### [What is expected]
Pictures must be dropped from the copy of the entries below; all else is returned exactly.

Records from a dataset
+ + + + + + +

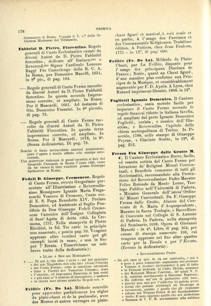Fedeli I». Giuseppe, Cremonese. Regolo di Canto Fermo, ovvero Gregoriano presentate all' Illustrissimo e Reverendissimo Monsignore Ignazio Maria Fraga-nesebi Vescovo di Cremona, Conto ecc. di N. S. Papa Benedetto XIV. Prelato Domestico, ed Assistente al Soglio Pontificio da Don Giuseppe Fedeli Cremonese Canonico dell' Insigne Collegiata di Sant' Agata di dotta città. In Cremona, 1757. Nella stamperia di Pietro Ricchini, in fol. Tre carte in principio non numerate, e poscia pag. 59. Vengono appresso altre ventisei carte per gli esempli incisi in rame, e una in fine per 1' Errata. ( Trascriviamo un solo breve tratto della dedicatoria) :
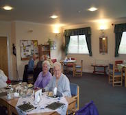 We are open five days a week and provide daytime care, activities and companionship for fifteen older people. We collect our service users and return them home by minibus, and also run regular social nights. We have a carers' group which meets once a month 2.30pm till 3.30pm, and we run a drop-in lunch group this is open from 12pm till 1.30pm (photo) which is widely used by local people.
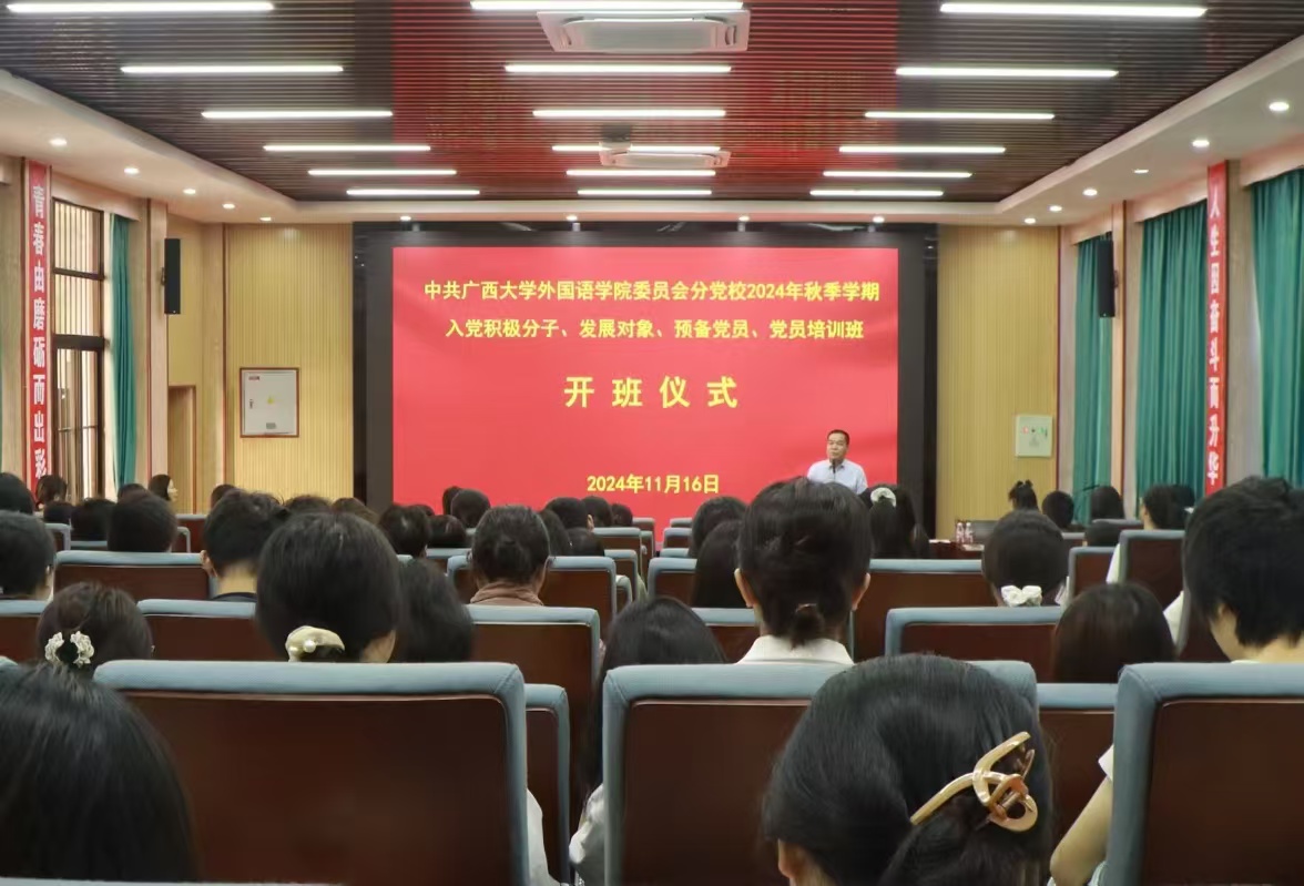 11月16日,中共广西大学英国上市公司365委员会分党校举行秋季学期培训班开班仪式,学院党委书记莫柏林和本期分党校入党积极分子、发展对象、预备党员培训班共137名学员参加开班仪式。开班仪式由学院党委副书记程锐主持。
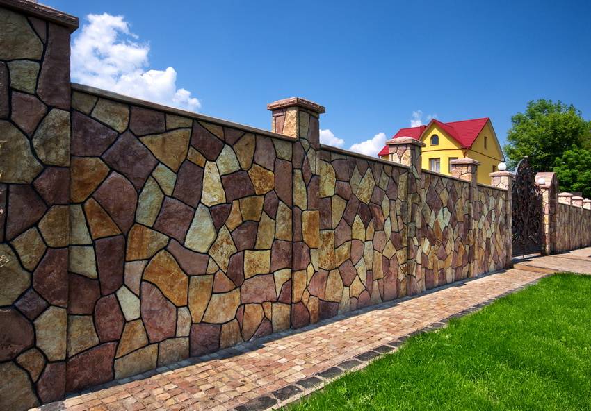 Интересный пример отделки бетонного ограждения под натуральный камень
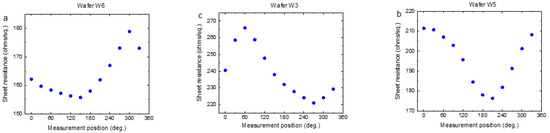 Figure 9 presents three examples of variation in sheet resistance measured around the circumference of wafers 25 mm from the edge. As with MW measurements, sheet resistance is seen to vary by up to 20%, in an irregular pattern that is different in every wafer. Notably, in most wafers examined, the difference between minimum and maximum sheet resistance values is larger where the mean sheet resistance is higher.
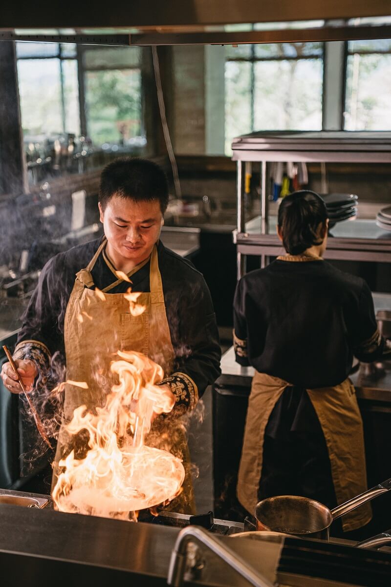 5. Nhà hàng Green Chili nằm ở vị trí thoáng đãng và xinh đẹp. Phía trước là hồ và thác nước nhỏ. Phía sau là ruộng bậc thang xanh ngắt.

+ + + + + + +

### [Answer to this exercise]
Fedeli I». Giuseppe, Cremonese. Regolo di Canto Fermo, ovvero Gregoriano presentate all' Illustrissimo e Reverendissimo Monsignore Ignazio Maria Fraga-nesebi Vescovo di Cremona, Conto ecc. di N. S. Papa Benedetto XIV. Prelato Domestico, ed Assistente al Soglio Pontificio da Don Giuseppe Fedeli Cremonese Canonico dell' Insigne Collegiata di Sant' Agata di dotta città. In Cremona, 1757. Nella stamperia di Pietro Ricchini, in fol. Tre carte in principio non numerate, e poscia pag. 59. Vengono appresso altre ventisei carte per gli esempli incisi in rame, e una in fine per 1' Errata. ( Trascriviamo un solo breve tratto della dedicatoria) :
 We are open five days a week and provide daytime care, activities and companionship for fifteen older people. We collect our service users and return them home by minibus, and also run regular social nights. We have a carers' group which meets once a month 2.30pm till 3.30pm, and we run a drop-in lunch group this is open from 12pm till 1.30pm (photo) which is widely used by local people.
 11月16日,中共广西大学英国上市公司365委员会分党校举行秋季学期培训班开班仪式,学院党委书记莫柏林和本期分党校入党积极分子、发展对象、预备党员培训班共137名学员参加开班仪式。开班仪式由学院党委副书记程锐主持。
 Интересный пример отделки бетонного ограждения под натуральный камень
 Figure 9 presents three examples of variation in sheet resistance measured around the circumference of wafers 25 mm from the edge. As with MW measurements, sheet resistance is seen to vary by up to 20%, in an irregular pattern that is different in every wafer. Notably, in most wafers examined, the difference between minimum and maximum sheet resistance values is larger where the mean sheet resistance is higher.
 5. Nhà hàng Green Chili nằm ở vị trí thoáng đãng và xinh đẹp. Phía trước là hồ và thác nước nhỏ. Phía sau là ruộng bậc thang xanh ngắt.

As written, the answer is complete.